Exercise data below:

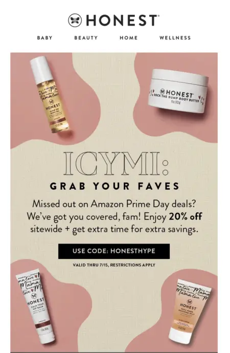 One day after Amazon Prime Day, clean baby product and skincare brand The Honest Company sent this email offering 20% off if readers ordered directly from their site.
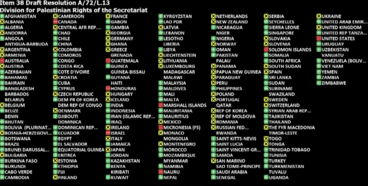 Click here for full chart of 20 resolutions targeting Israel at the 72nd session of the General Assembly.
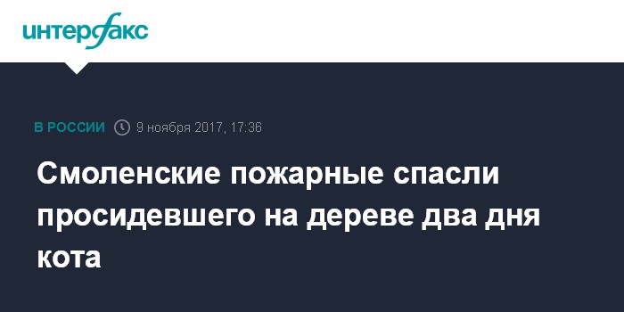 Москва. 9 ноября. INTERFAX.RU - Пожарные под Смоленском провели спасательную операцию по снятию с дерева кота, просидевшего там несколько дней, сообщает пресс-служба ГУ МЧС по региону. Инцидент произошел в поселке Каспля Смоленского района.
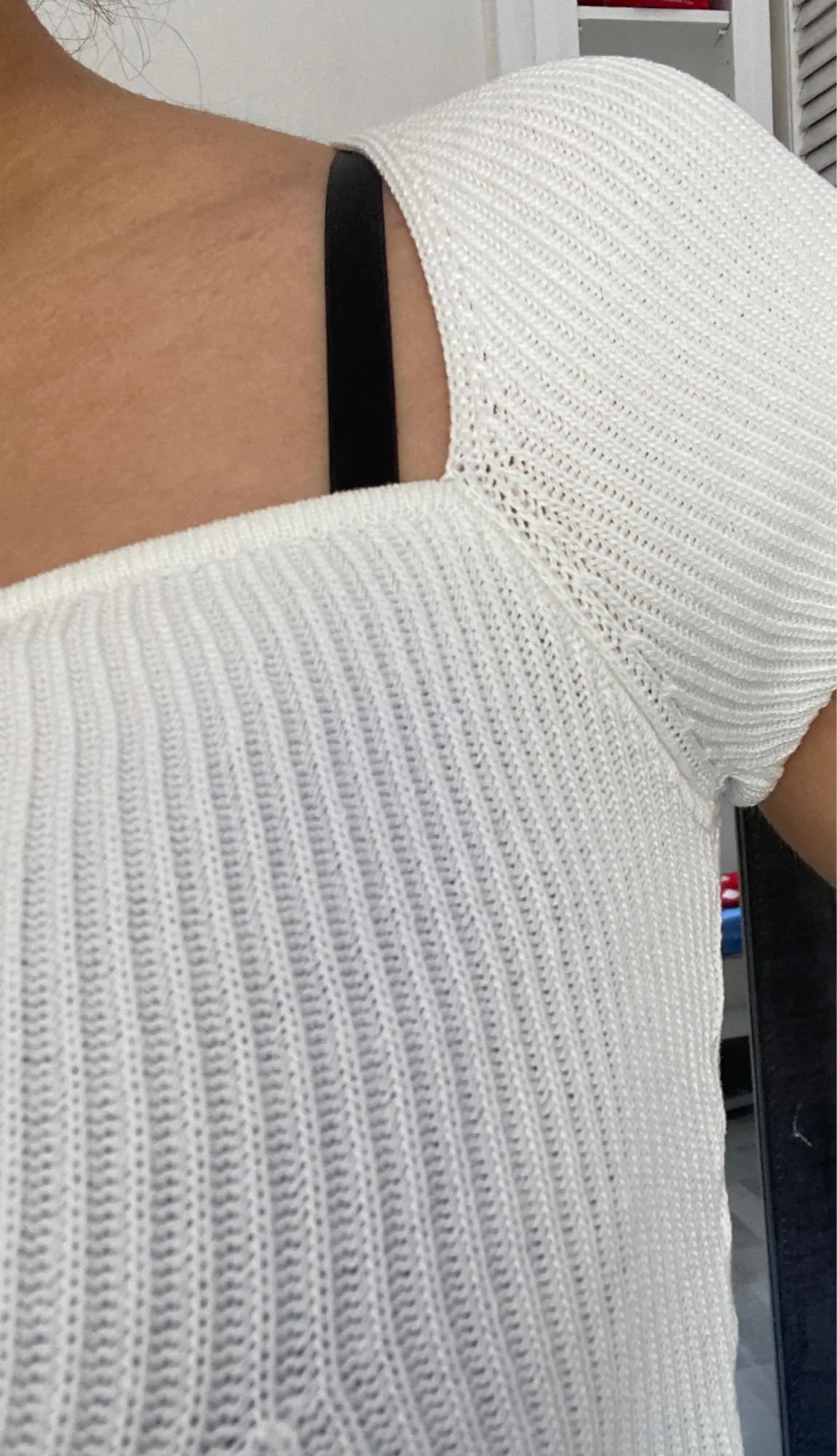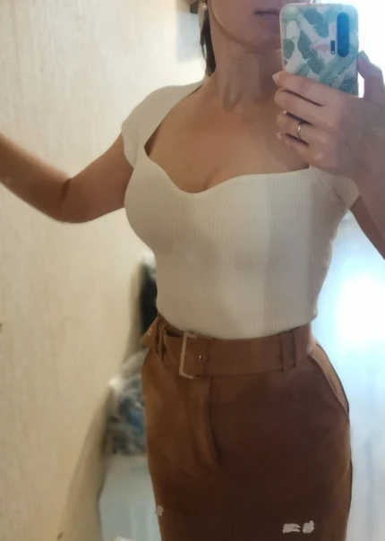 Шикарный топ, молочно-белый цвет. Без брака, очень аккуратный. Выглядит так же, как и топы в сетевых магазинах за 2000р в среднем. Если ОГ +- 90 - размер S идеален. Немного коротковат, только под заправку. Дошел за 2 недели.

End of Exercise data.

=== Work instruction ===
Give back the entire listing verbatim, without the pictures.

=== Exercise response ===
 One day after Amazon Prime Day, clean baby product and skincare brand The Honest Company sent this email offering 20% off if readers ordered directly from their site.
 Click here for full chart of 20 resolutions targeting Israel at the 72nd session of the General Assembly.
 Москва. 9 ноября. INTERFAX.RU - Пожарные под Смоленском провели спасательную операцию по снятию с дерева кота, просидевшего там несколько дней, сообщает пресс-служба ГУ МЧС по региону. Инцидент произошел в поселке Каспля Смоленского района.
 Шикарный топ, молочно-белый цвет. Без брака, очень аккуратный. Выглядит так же, как и топы в сетевых магазинах за 2000р в среднем. Если ОГ +- 90 - размер S идеален. Немного коротковат, только под заправку. Дошел за 2 недели.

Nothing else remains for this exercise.